Jessa-Hannah Bluebird Poem Schlesinger-Sackler is finally born in a hospital, safe and sound. Yes, that is her name. Adam and Hannah visit her alone (?) in the neonatal ward, where Adam adorably mispronounces umbilical and then confesses he broke up with Mimi-Rose and misses Hannah so much. The way he says it just liquefies me into a puddle of lady-feels, but not Hannah: She has, at long last, decided she “can’t” take him back, not again. It is, shockingly, the mature decision, even despite how sincerely he seems to mean it. Adam Driver and Dunham have always had good chemistry, but in this scene, they make the closing door of their relationship feel as raw and heart-wrenchingly final as a real one might — it’s not obvious she should say no, but she decides to anyway. That’s how love actually ends.

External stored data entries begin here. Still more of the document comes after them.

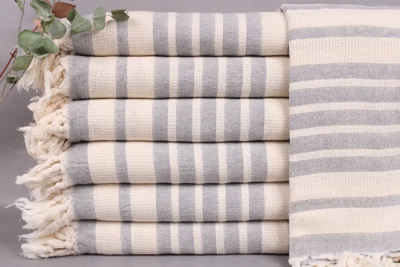 Weaved from organic Turkish cotton, these towels are characterized by their high absorbency and durability, ensuring long-term use. Each towel measures 34x71 inches or 85x180 centimeters, weighing approximately 320 grams. Hand-weaving tolerances may result in variations up to ± 2" or 5 centimeters.
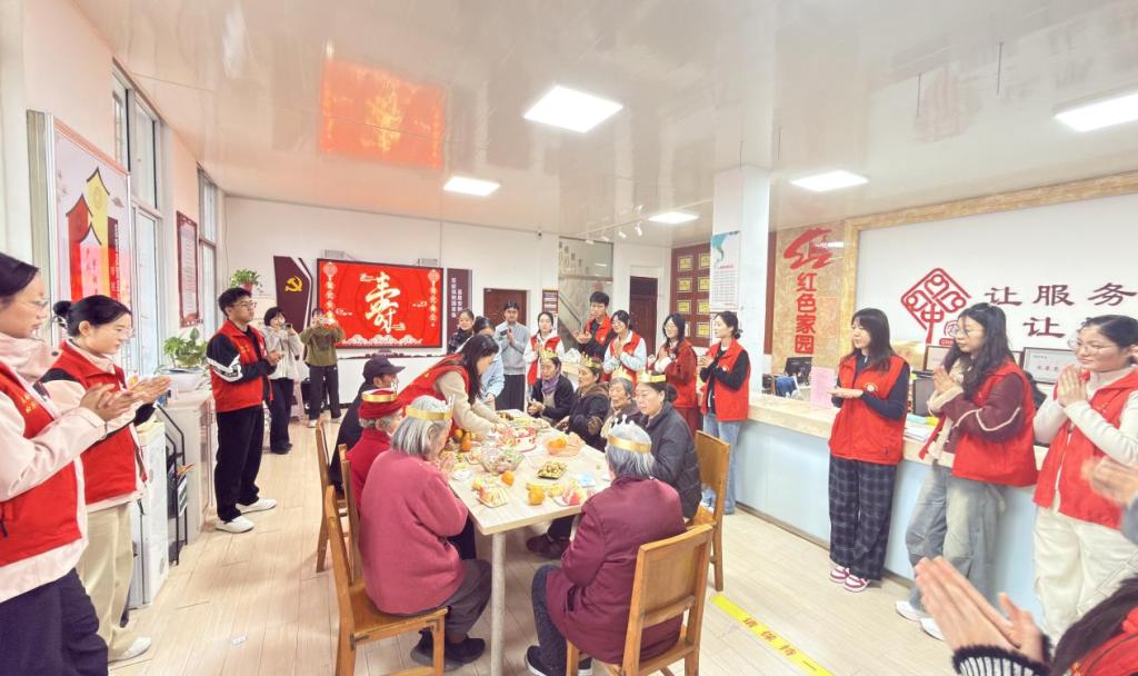 时间:2025-11-26 16:36 来源: 作者: 阅读: 次悠悠祝福声,浓浓敬老情。为传承中华民族尊老敬老的传统美德,传递社会关爱,弘扬志愿服务精神,11月25日下午,信阳师范大学法学与社会学学院研究生党支部携手华森社区,为社区老人举办了集体生日会。学院教师孔令媛和社会工作、法学专业志愿者共赴这场暖心之约。
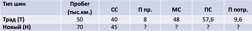 На рынке с равновесным соотношением спрос / предложение доминирует традиционный тип шин – Т с пробегом в 50 тыс. км, себестоимостью 40 ед. Исходя из норматива прибыли – 20%, его производители имеют прибыль 8 тыс. руб., потребители – 9,6 тыс. руб. Производителю шин Н необходимо определить оптимальные величины ПС, МС и Ппотр. Своей продукции на основании следующих исходных показателей: ССН – 45 ед., пробег – 70 тыс. км. Для этого уточним сначала величину Потребительной стоимости, переносимой на единицу работы, производимой комплектом шин Т: 57,6 / 50 = 1,152 руб. / км. На основании этих данных определим величины: ПСН = 1,152 * 70 = 80,64 тыс. руб. С учетом изложенных подходов диапазон величин МСН может быть определен: нижний – по формуле МСН = ССН (1 + Норма прибыли) = 45 * 1,2 = 54, верхний – по формуле МСН* = ПСН / (1 +Норма прибыли) = 80,64 / 1,2 = 67,2 ед. Соответственно, прибыль Производителя будет находиться в интервале от 9 ед. до 22,2 ед., прибыль Потребителя в диапазоне от 26,64 ед. до 13,44 ед. Принципы, которыми может руководствоваться Производитель шин Н при установлении конкретной величины МС, будут рассмотрены в последующих разделах статьи. Эксплуатация шин осуществляется в сочетании со всеми другими узлами автомобиля. Принимая во внимание, что шины Т и Н работают в равных условиях на одной марке автомобилей, при выявлении величины Потребительной стоимости шин Н мы можем абстрагироваться в расчетах от величин МС и ПС других узлов автомобилей.
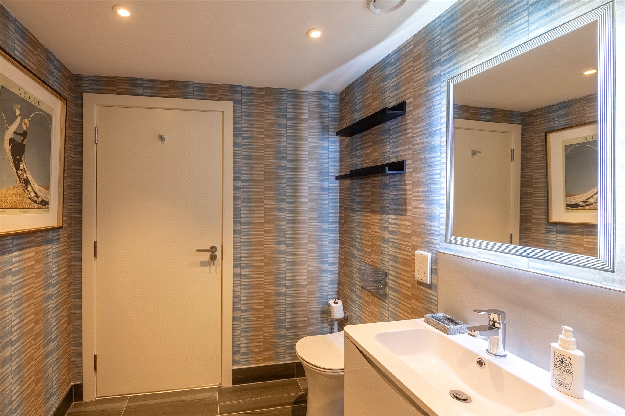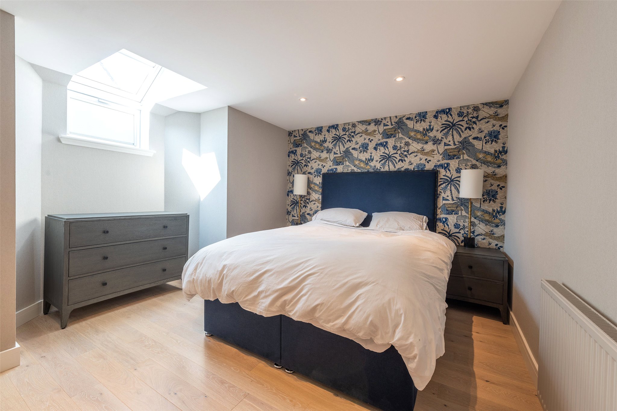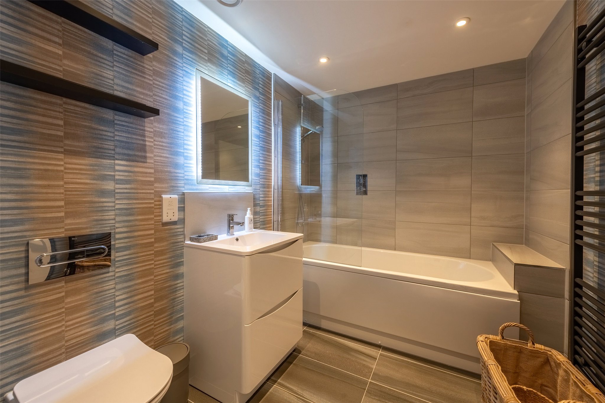 Situated in the very heart of St Andrews, this luxurious two-bedroom first-floor apartment with private underground parking has been meticulously designed with the highest quality finishes throughout. Housed within a handsome and exclusive residential development boasting landscaped garden grounds, the front door opens into a welcoming hallway with a chic interior design. From here sliding doors reveal a stunning open-plan living room and kitchen. Flooded with natural light from three windows including an elegant box bay window it exudes an ambience of refined sophistication. This feeling is enhanced by its tasteful décor which includes a continuation of the hallway’s wooden flooring along with wall finishes in a soft grey and ambient lighting. Allowing for dining as well as relaxing it is very much at the heart of the residence. The U-shaped designer kitchen showcases a sleek layout featuring grey wall and floor cabinetry, illuminated white marble worktops, and high-spec SIEMENS appliances that include an eye-level microwave, hob, and oven. A utility ensures it remains aesthetically appealing and streamlined. Across the hallway lies an inviting south-facing principal double bedroom. Thoughtfully designed, it boasts built-in mirrored wardrobes and an indulgent en-suite shower room. Adjacent lies a versatile south-facing second double bedroom with built-in storage, currently utilised as a comfortable study. Completing the impressive layout is a design-led bathroom showcasing a washbasin built into vanity, LED lit mirror, hidden cistern WC, bath with wall-mounted shower, and a towel radiator. Set against exquisite tiles it is a serene and spa-like retreat.

Hannah calls her mom, who is still spiraling out of control, claiming she doesn’t have a future because her husband “ate [her life] all up.” While I understand the panic, that’s a horrible thing to say, not only because Tad is sitting right at the table with her wearing an awfully tight polo and looking utterly miserable, but also because she’s practically oozing with bitter jealousy at her daughter for having so much time left. This is probably the saddest scene of all, but it does end on a hopeful note: Hannah asks to speak to her father instead, a symbol of her choice to move on, in spite of it all. It does feel like a breath of fresh air, like the show as a whole has decided to move forward — think of where everyone was at the beginning of this season! how far we’ve come! — which is all any of us ever wanted from it, right?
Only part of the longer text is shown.